Мама снова садится у стола.

— Нельзя здесь оставаться, — произносит она. — Этот туалет нас всех убьет, ох и заразы там!

— Ну и куда нам переезжать? — говорит папа. — Где еще найдешь жилье за шесть шиллингов в неделю? Сами почистим. Накипятим воды много ведер и выльем туда.

— Да неужели? — спрашивает мама. — А где мы уголь и торф раздобудем, чтобы столько воды накипятить?

Папа молча допивает чай и принимается искать гвоздь, чтобы повесить нашу единственную картину. На ней какой-то худощавый человек в желтой шапочке, черном одеянии и с крестом на шее. Папа поясняет, что это папа римский, Лев XIII, большой друг рабочего класса, и картина привезена из Америки, где ее выбросил кто-то, кому дела не было до трудового люда.

Мама говорит, что все это чертова чушь, а папа — что разве можно говорить «чертова» при детях? Гвоздь он находит, вот только молотка нет.

— Одолжи у соседей, — предлагает мама, но папа отвечает, что не пойдет ничего выпрашивать у незнакомых людей. Он приставляет картину к стене и бьет по гвоздю донышком стеклянной банки. Стекло разбивается, ранит папе руку, и кровь капает Льву XIII на голову. Папа оборачивает руку ветошью для мытья посуды и кричит маме:

— Быстрее, вытри кровь, пока не засохла.

Мама пытается стереть кровь шерстяным рукавом, но от этого она только больше размазывается, и теперь у папы римского пол-лица в крови.

— Да Боже мой, Анджела, — стонет папа. — Совсем испортила.

— Да не вой ты, — отвечает мама. — Краской потом закрасим.

— Единственный из пап — друг рабочего класса. И что мы скажем, если к нам из Общества Святого Викентия придут, а у нас тут папа римский весь в крови?

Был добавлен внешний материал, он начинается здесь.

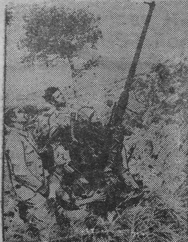
В республиканской Испании. На снимке: Наводка зенитного орудия на самолеты итапо-германских интервентов (Восточный фронт).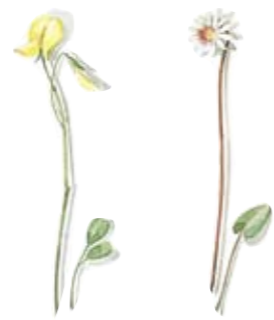
05 Blasenstrauch 05 Bladder-sema 06 Zwerg-Alpenglöckchen 06 Sea-bindweed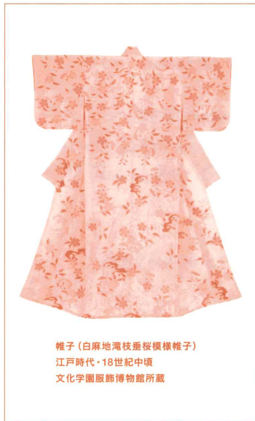
帷子 (白麻地滝枝垂桜模様帷子) 江戸時代・18世紀中頃 文化学園服飾博物館所蔵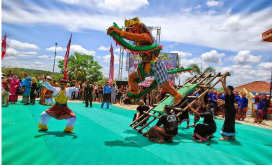
Gambar: Ilustrasi Radin Jambat dalam Festival Radin Jambat di Kabupaten Way kanan

Legenda merupakan salah satu jenis karya sastra lama, yang keberadaannya semakin ditinggalkan masyarakat. Khususnya legenda Radin Djambat dipandang perlu untuk dijadikan bahan kajian dengan harapan dapat memahami nilai-nilai filosofi yang terkandung di dalamnya. Meskipun legenda Radin Djambat ini bersifat fiksi, isi ceritanya menyajikan objek dan menimbulkan daya khayal atau pengalaman melalui kesan-kesan imajinatif. Di dalamnya juga berisi tentang potret kehidupan manusia, terutama dalam bentuk perjuangan, persahabatan, dan keagamaan.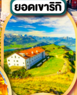
ยอดเขารีกี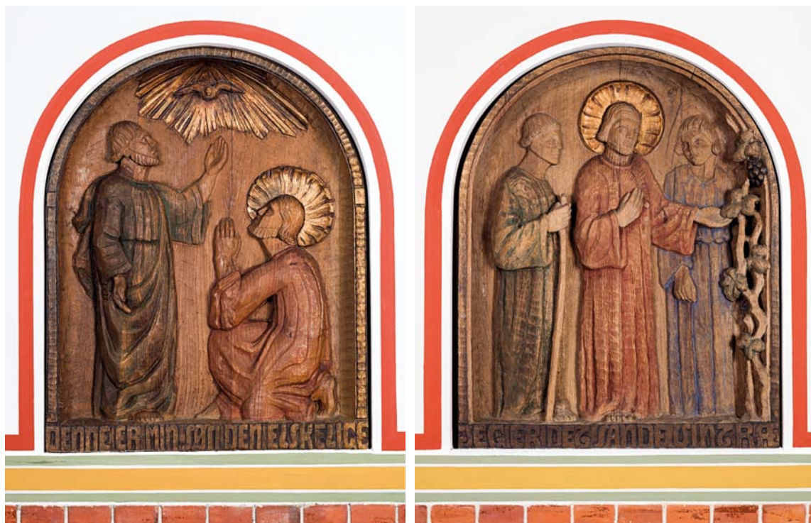
Fig. 5-6. Relieffer skåret af Niels Bang 1903 (s. 2998). 5. Dåben. 6. Det sande vintræ. Foto Arnold Mikkelsen 2013. – Reliefs carved by Niels Bang, 1903. 5. Baptism. 6. The True Vine.

halvcirkulær overside, viser hhv. »Dåben« og »Det Sande Vintræ«. I førstnævnte ses Jesus knælende ved Johannes' fødder og over dem Helligåndsduen i en strålekrans. Under billedet læses med forsænkede reliefversaler »Denne er min søn den elskelige« (Matt. 3,17). I sidstnævnte relief ses Jesus mellem to mænd, idet han med en talende gestus rører ved en vinranke. Under billedet læses »Jeg er det sande vintræ« (Joh. 15,1). De to relieffer er indsat i nicher i triumfbuens vanger.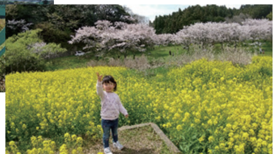
▲ 安岐ダム桜まつりに行きました！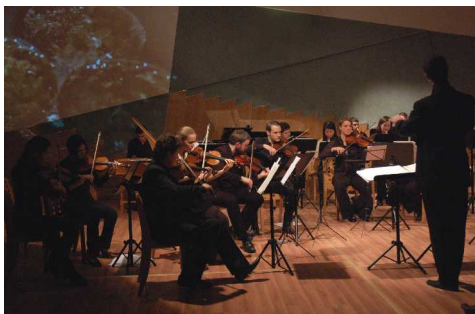
haydn.reflected, Wien 20.2.2009

Kirche Farnosť Sv. Rodiny, Bratislava Reformierte Kirche Fasori, Budapest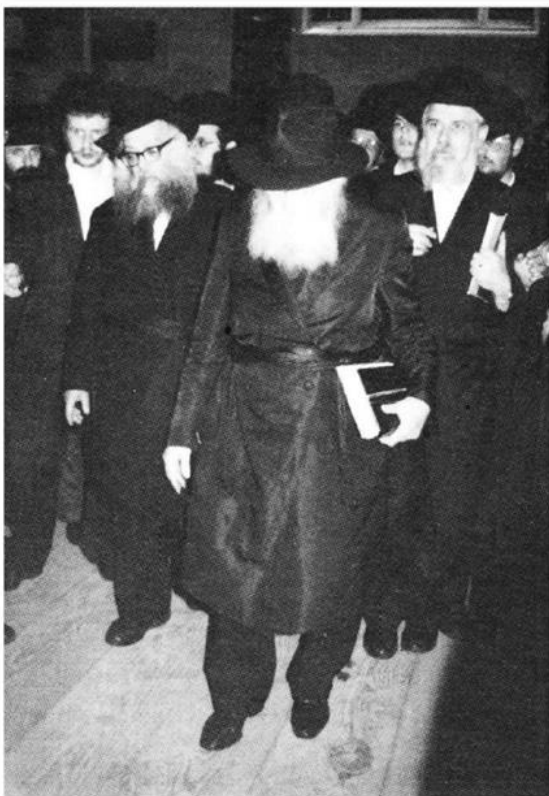
בצאתו לקידוש לבנה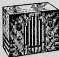
Modèle 53 PRIX: $49.90

Il n'y a rien de plus facile que de syntoniser ce programme particulier et il y en a tant à capter sur le champ immense que couvre le Northern Electric, que vous êtes certain d'en syntoniser un à votre goût ou qui convienne à votre humeur. Un petit paiement comptant met le Northern Electric chez vous. La balance par termes faciles.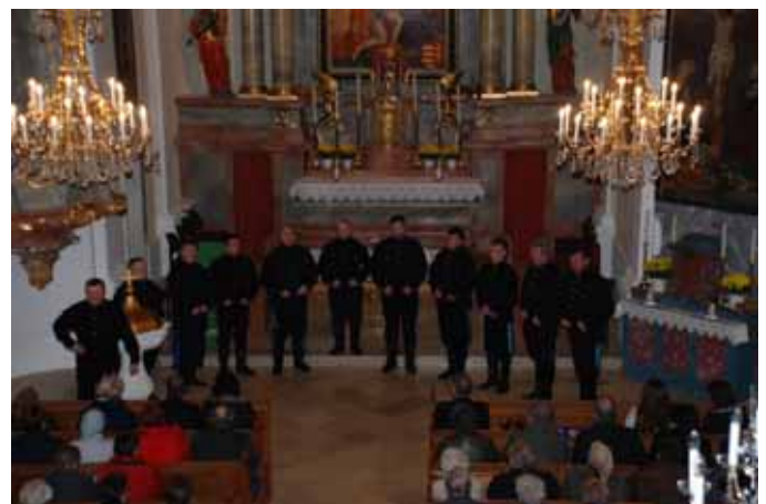
Konzert des URAL KOSAKENCHORES in der renovierten Pfarrkirche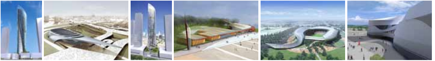
Torre Damac Centro Acquatico Londra 2012 Torre a Dubai Chiesa ai Tre Ronchetti Stadio di Le Mans Arena di Sochi 2014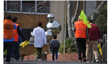
ボランティアさんが付き添って親子で登校練習

地域ボランティアの皆さんの手で始められたこの取組も今年で5年目。まちづくり協議会の取組としても定着し、今年からは青少年育成会議の皆さんも加わっていただき、多くの地域の皆さんが関わってくださっています。地域で子どもたちの安全を見守り、親子で通学路の危険箇所を確認し合う素敵な活動になりました。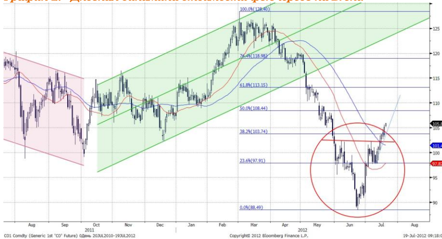
График 2. Дневная динамика стоимости фьючерсов на Brent.

В среднесрочной перспективе, смягчение кредитно-денежной политики, которое предприняли ЕЦБ и НБК, а также ожидаемые шаги ФРС по продолжению количественного смягчения поддержат цены на нефть.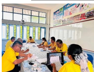
ประชุมคณะกรรมการสถานศึกษาฯ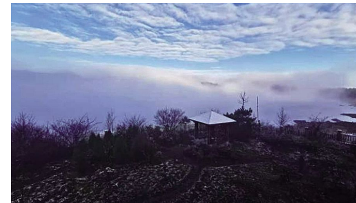
初雪后的清凉峰雾气缭绕,宛如仙境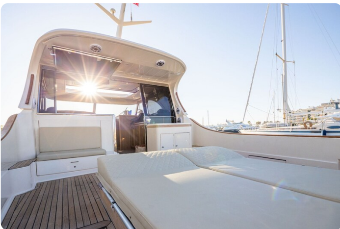
Dolphin 51 cockpit detail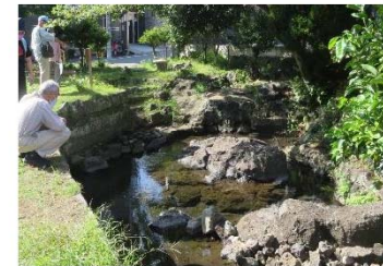
三嶋大社参拝者の清めの水だったという鏡池は、年によっては湧く。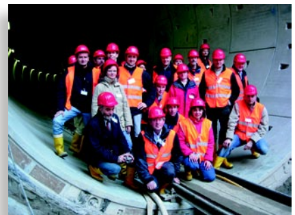
Die Teilnehmer bei der Besichtigung der Baustelle Breslauer Platz der Nord-Süd Stadtbahn.

Der zweite Tag des GEO DIGITAL Anwendertreffens stand ganz im Zeichen der Kölner Nord-Süd Stadtbahn. Mit einer Gesamtlänge von rund 4 km werden derzeit 3,6 km Tunnelstrecke im Schildvortriebsverfahren erstellt. Die Teilnehmer des Anwendertreffens nutzten mit regem Interesse die Möglichkeit, eine Baustelle des derzeit größten städtebaulichen Projekts Deutschlands zu besichtigen.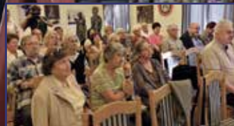
Értékek mentén a magyar irodalomért 5. oldal

— А мне-то что? — говорит мама. — Кровь-то твоя — тоже мне мужик, называется, даже гвоздь вбить не может. Проку от тебя никакого. Лучше бы в поле лопатой махал, и вообще, мне плевать. У меня спина болит, я спать ложусь.

— Ну и что теперь делать? — вздыхает папа.

— Сними портрет и спрячь в угольной яме под лестницей — и не видно, и не наступит никто.

— Нет, нельзя, — не соглашается папа. — Не к добру это. Угольная яма — не место для папы римского. На стену его надо.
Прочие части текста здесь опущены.